_GOAL OF THE EXERCISE_: Set down, word for word, only the lines from the start of the records through the line bearing "सारंगढ़-बिलाईगढ़// भारतीय जनता"; include no pictures.

_DATASET RECORDS_:
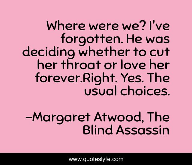 This page presents the quote "Where were we? I've forgotten. He was deciding whether to cut her throat or love her forever.Right. Yes. The usual choices.". Author of this quote is Margaret Atwood, The Blind Assassin. This quote is about love, affection, choices,.
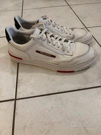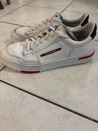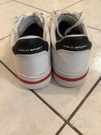 Vendo sneakers uomo della linea Polo Sport di Ralph Lauren, taglia 45. DESIGN: Modello in pelle bianca con eleganti dettagli a contrasto neri e rossi sulla suola. Stile casual-sportivo di alta classe. MATERIALI: Tomaia in pelle di qualità, molto resistente. STATO: Usate. Presentano segni di utilizzo sulla tomaia e sui bordi, ma l'estetica generale rimane ottima per un look quotidiano ricercato. Scarpa robusta e di marca che tiene molto bene il tempo. Disponibile per spedizione o consegna a mano.
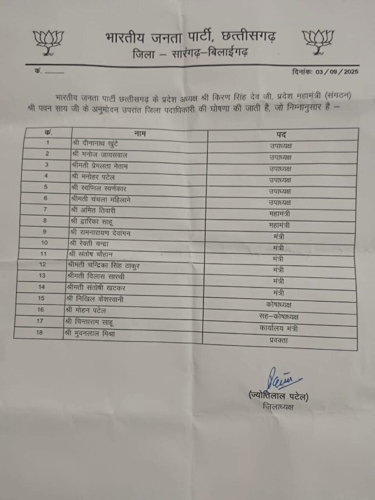 सारंगढ़-बिलाईगढ़// भारतीय जनता पार्टी ने आज सारंगढ़-बिलाईगढ़ जिले के लिए अपने नवनियुक्त जिला पदाधिकारियों की घोषणा की। पार्टी प्रदेश अध्यक्ष किरण सिंह देव और प्रदेश महामंत्री (संगठन) पवन साय की अनुमति से जारी सूची में 18 नाम शामिल किए गए हैं।
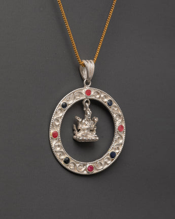 Embrace spiritual elegance with this exquisite Buddhist Master Locket, a 5.5cm tall and 4.2cm wide treasure weighing just 0.010kg. Fashioned from pure silver, it showcases a crowned Buddhist master at its heart—a powerful emblem of enlightenment and inner wisdom. Radiant coral stones encircle the design, traditionally valued for their protective and revitalizing properties. More than jewelry, this refined piece serves as a meaningful spiritual companion, blending timeless symbolism with wearable grace to inspire your journey toward greater consciousness and peace.
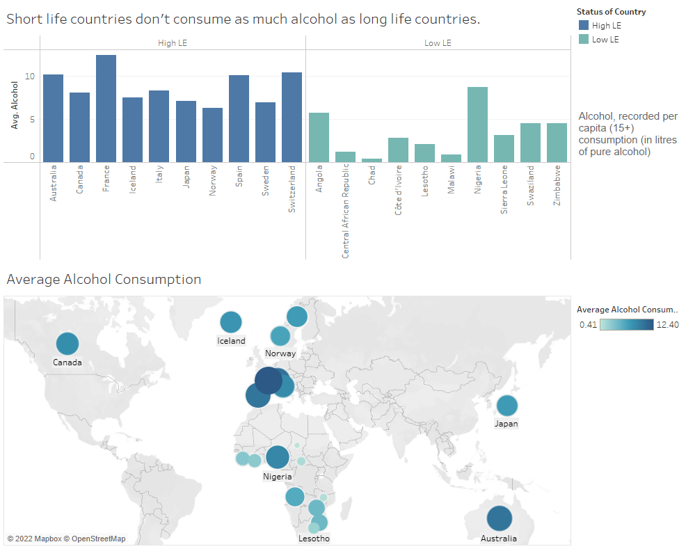 Countries with longer life expectancy showed that people had more years of education on average and their governments usually spent more on health. However, Sierra Leone was the exception and spent almost as much as Sweden, who ranked first in government spending. Another interesting find was that a good portion of countries with lower life expectancy also drank less alcohol than many countries with the longest lives.
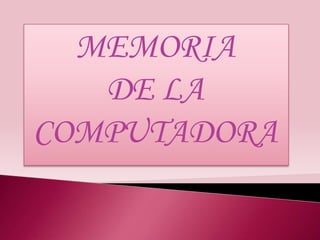 El documento habla sobre la memoria de la computadora. Explica que existen tres tipos principales de memoria: la memoria RAM, la memoria ROM y la memoria caché. La memoria RAM es volátil y se usa para almacenar datos de forma temporal, mientras que la memoria ROM es de solo lectura y contiene información permanente como el BIOS. La memoria caché ayuda a acelerar el acceso a los datos al almacenar de forma temporal datos de la RAM para su uso frecuente.
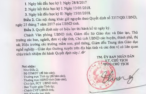 Quyết định về kế hoạch, thời gian năm học mới 2017 - 2018 của tỉnh Nghệ An. |
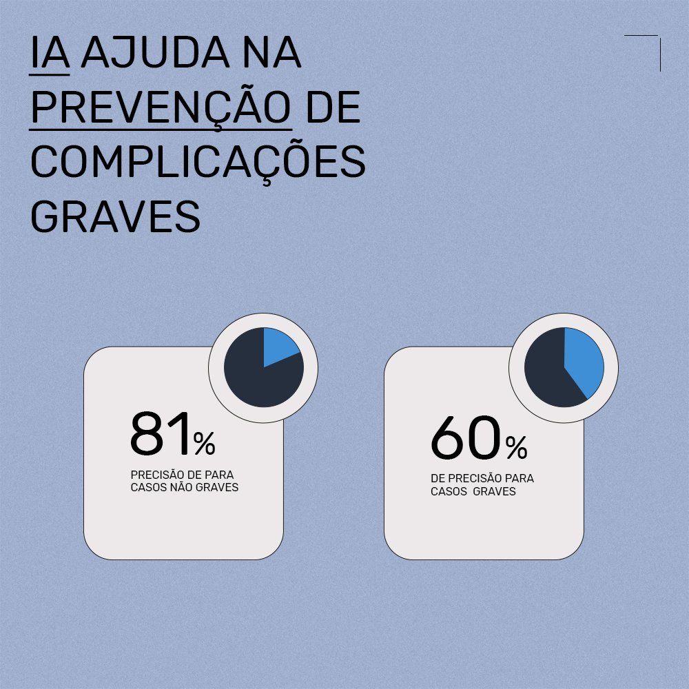 A Inteligência Artificial conseguiu uma precisão de 81% de predição para casos não graves através da análise de exames laboratoriais de rotina, e para casos graves a precisão foi de 60%. Essa nova tecnologia pode ser uma ferramenta útil nas triagens do Covid-19, melhorando a agilidade dos médicos nos hospitais e prevendo com maior precisão os pormenores de cada caso, usando como base exames básicos que estão disponíveis em todos os serviços de emergência. (https://www.unifesp.br/reitoria/dci/releases/item/5007-inteligencia-artificial-ajuda-a-identificar-a-gravidade-de-casos-de-covid-19)
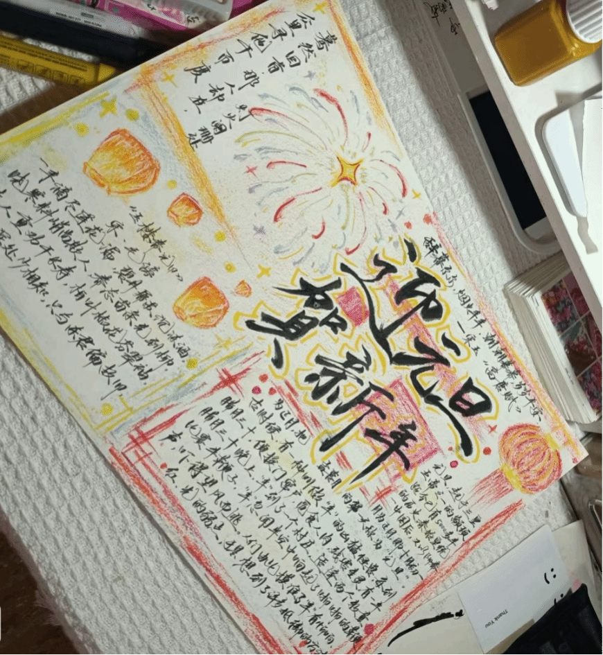 员工党员们在春节节日期间积极参与活动,通过朗诵红色文章、歌唱红色曲目、书写对联、手工制作剪纸、手抄报等多种形式来庆祝春节。同学们的作品不仅表达了对新年的祝福和期望,更是对中华民族优秀文化的传承和发扬。

_EXPECTED OUTPUT_:
 This page presents the quote "Where were we? I've forgotten. He was deciding whether to cut her throat or love her forever.Right. Yes. The usual choices.". Author of this quote is Margaret Atwood, The Blind Assassin. This quote is about love, affection, choices,.
 Vendo sneakers uomo della linea Polo Sport di Ralph Lauren, taglia 45. DESIGN: Modello in pelle bianca con eleganti dettagli a contrasto neri e rossi sulla suola. Stile casual-sportivo di alta classe. MATERIALI: Tomaia in pelle di qualità, molto resistente. STATO: Usate. Presentano segni di utilizzo sulla tomaia e sui bordi, ma l'estetica generale rimane ottima per un look quotidiano ricercato. Scarpa robusta e di marca che tiene molto bene il tempo. Disponibile per spedizione o consegna a mano.
 सारंगढ़-बिलाईगढ़// भारतीय जनता पार्टी ने आज सारंगढ़-बिलाईगढ़ जिले के लिए अपने नवनियुक्त जिला पदाधिकारियों की घोषणा की। पार्टी प्रदेश अध्यक्ष किरण सिंह देव और प्रदेश महामंत्री (संगठन) पवन साय की अनुमति से जारी सूची में 18 नाम शामिल किए गए हैं।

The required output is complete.